▶ _DATASET EXTRACT_

----

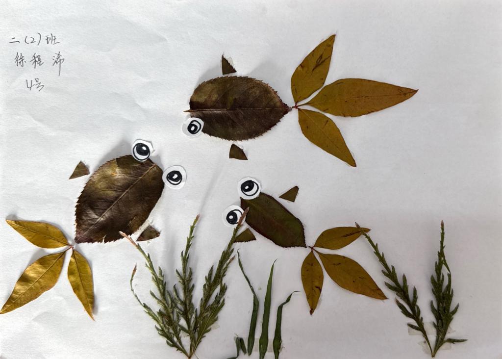 落叶成了“数学玩具”!数学组布置创意落叶贴画作业,让孩子在拼贴中感知图形组合,探索数学与自然的联系。孩子们用落叶拼出几何图形、数字故事,每幅作品都藏着数学巧思。这个暑假,数学在自然里“玩”出乐趣,快来赏这些创意吧!
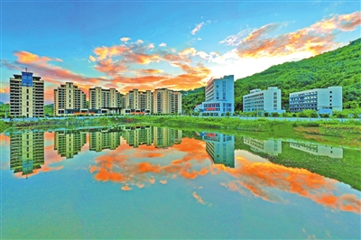 城市西區(qū)一角,晚霞與城市建筑倒映水面,頗有詩意。 記者 王瀘州 攝
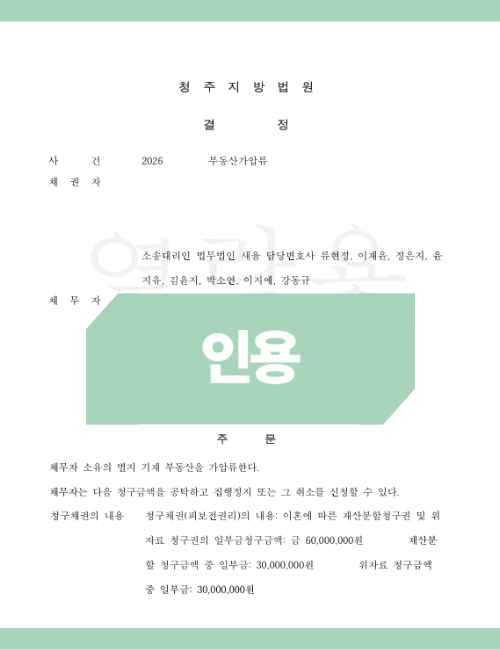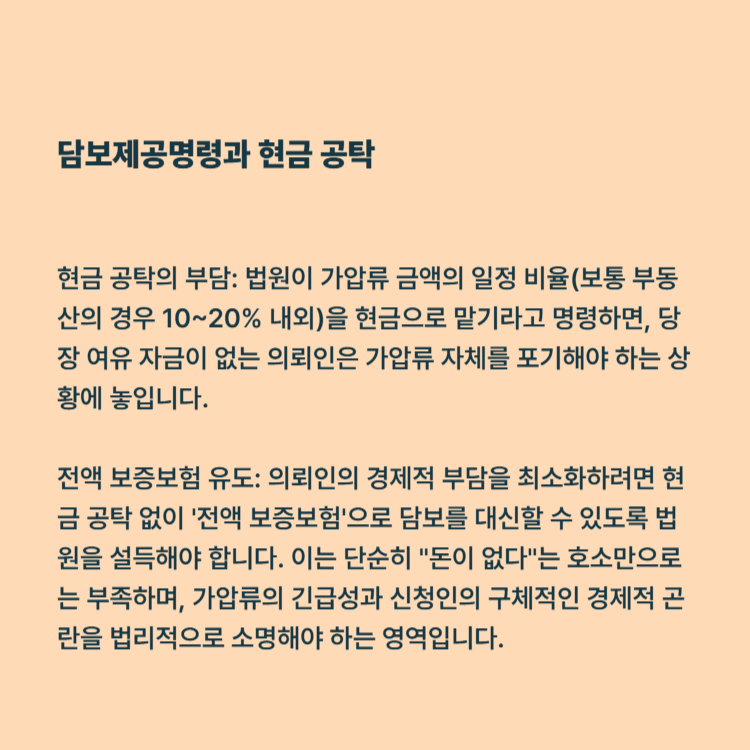 현금 공탁의 부담: 법원이 가압류 금액의 일정 비율(보통 부동산의 경우 10~20% 내외)을 현금으로 맡기라고 명령하면, 당장 여유 자금이 없는 의뢰인은 가압류 자체를 포기해야 하는 상황에 놓입니다.

----

Copy every line above word for word and exclude the pictures.

▶ _SOLUTION TO THIS PROBLEM_
 落叶成了“数学玩具”!数学组布置创意落叶贴画作业,让孩子在拼贴中感知图形组合,探索数学与自然的联系。孩子们用落叶拼出几何图形、数字故事,每幅作品都藏着数学巧思。这个暑假,数学在自然里“玩”出乐趣,快来赏这些创意吧!
 城市西區(qū)一角,晚霞與城市建筑倒映水面,頗有詩意。 記者 王瀘州 攝
 현금 공탁의 부담: 법원이 가압류 금액의 일정 비율(보통 부동산의 경우 10~20% 내외)을 현금으로 맡기라고 명령하면, 당장 여유 자금이 없는 의뢰인은 가압류 자체를 포기해야 하는 상황에 놓입니다.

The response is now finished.